Lakshya Dharwal, a biomedical engineering major, created a multimedia story on a man with Parkinson’s whose life improved when he was able to access therapy and classes through Zoom, thanks to his new internet connection.

Shelby Cavanaugh Toft, along with Dharwal, highlighted a program that trains job seekers with skills for the fiber optic industry.

Mukherjee said that community partners can use the stories to seek out grant funding to sustain the broadband initiative.

“We really wanted to showcase how important it for this to keep being supported because it’s affecting our community, and we won’t realize that unless we have good storytelling to help bring light to all of the great work,” Mukherjee said.

A digital lifeline

Connectivity is meaningless if people don’t have the appropriate online skills, devices and support. Since the beginning of 2024, the Hive community centers have reached 83,000 people, according to Erin Carr-Jordan, president and CEO of the Institute for Digital Inclusion Acceleration.

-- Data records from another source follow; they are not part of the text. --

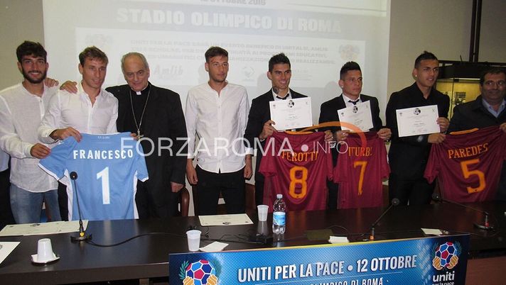 Domani allo stadio Olimpico si terrà la partita “Uniti per la Pace“, un’iniziativa benefica voluta da Papa Francesco per raccogliere fondi in favore delle popolazioni colpite dal terremoto del Centro Italia dello scorso agosto. Alla gara (in programma alle 21.15) parteciperanno anche sette giocatori della Roma: oltre ai confermati Francesco Totti e Diego Perotti, saranno presenti anche Paredes, Fazio, Iturbe, Nainggolan ed El Shaarawy.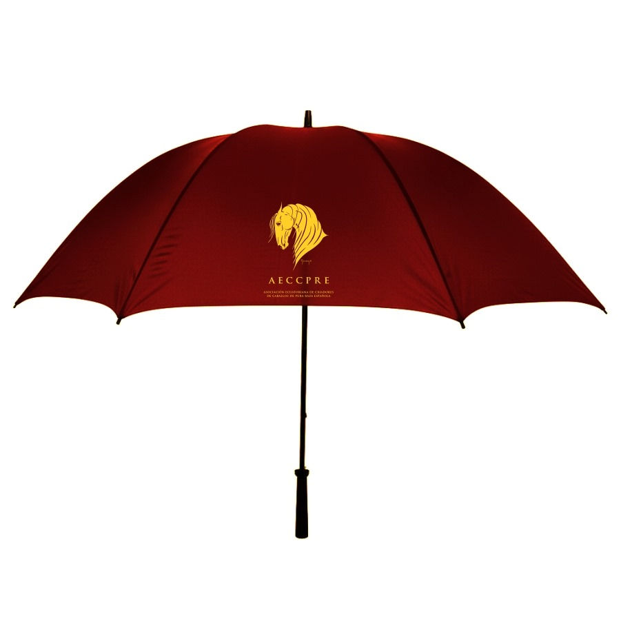 Paraguas elegante en color rojo vino con el distintivo logo AECCPRE en dorado, ideal para criadores y amantes del Caballo de Pura Raza Española. Su estructura resistente y diseño amplio brindan protección y estilo en cualquier clima. Un accesorio práctico y representativo para llevar la identidad del PRE a todas partes.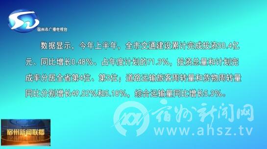 数据显示,今年上半年,全市交通建设累计完成投资50.4亿元、同比增长0.48%、占年度计划的71.3%,投资总量和计划完成率分居全省第4位、第3位;道路运输旅客周转量和货物周转量同比分别增长49.52%和5.18%,综合运输量同比增长5.3%。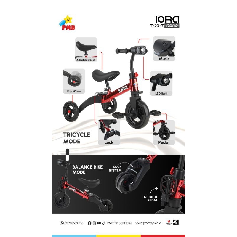 Sepeda Anak Roda Tiga Tricycle Pmb T20-7 Balance Bike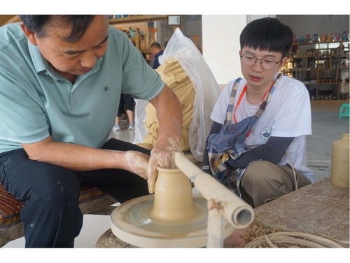 尤為珍貴的是,師生們有幸與非遺花茂土陶第四代傳承人母先才進行了面對面的交流。據了解,母先才已從事陶藝43年,他強調,土陶工藝的精髓在于對傳統(tǒng)的尊重與創(chuàng)新的結合,每一件作品都應是文化和情感的載體。母大師的言傳身教,讓實踐隊師生們深刻體會到工匠精神的內涵,以及傳統(tǒng)手工藝在現(xiàn)代社會中的價值與意義。

The institute owns and operates brick-and-mortar Hives in Phoenix, Guadalupe, Tempe, Mesa, Chandler and Superior — plus its mobile Hives. Another brick-and-mortar Hive will open in southern Arizona in August. 

The Hives provide access to tablets, laptops and desktops, plus workshops and one-on-one assistance with 3D printers, machine learning, coding, robotics, podcasting, language translation and AI.

Stephanie Dreux (left), head of community activation for the Institute for Digital Inclusion Acceleration nonprofit, chats about 3D printing with ASU student Reneé Moody, who works as a digital navigator at the South Mountain Community College Guadalupe Center, as part of the Maricopa County Broadband Initiative led by ASU. Photo by Charlie Leight/ASU News

The institute partners with organizations to distribute devices, and everyone who gets a device gets trained in online safety, including how to identify scams and protect their personal data.

Besides job applications, another critical use for community members is the telehealth appointments, Carr-Jordan said.

“We had a gentleman here the other day, he’s 70, and he had his first telehealth appointment. He had never opened the computer before and up until the moment that the computer screen opened, he was absolutely not bought in. He was like, ‘I don’t think this is for me.’

“The computer opens, and then he sees the faces that are familiar, and he was like, ‘I get it.’”

There are 20 part-time “digital navigators” who rotate among the Hives and who come from the communities they serve. 

Many are current or former ASU students — like Amerine — and trained in everything from computer science and biomedical engineering to graphic design and ecology. 

He said his communication degree is helpful in his job.

“We listen to them, see what their frustrations are, what their troubles might be and let them know what the solutions might be,” he said. “It’s helping people feel more comfortable with the technology that they have. We do smartphone classes because those can be very complicated for older people.”

Since January, the Guadalupe Hive (where Amerine works) has served 1,438 people in the community, according to Stephanie Dreux, head of community activation for the Institute of Digital Inclusion Acceleration.

The Hives also offer free coffee and snacks to draw community members in.

“We go for more of a living room vibe than a computer lab, and that’s very purposeful,” Dreux said.

“Sometimes you don’t know what you don’t know, so you’re not sure what to ask. We want to make sure that people feel comfortable in this space and are asking the questions that they want to ask, whether they want to know more about virtual reality or 3D printing.”

While many community members are learning basic internet skills at the Hives, it’s also important to offer skills such as storytelling, editing and production, Carr-Jordan said.

“We have tons of mechanisms that get people to feel like they belong here and that go directly into the workplace based on things that we know are relevant right now,” she said.

“And we have mechanisms to adapt so that people are constantly prepared for what is coming — not just what is today.”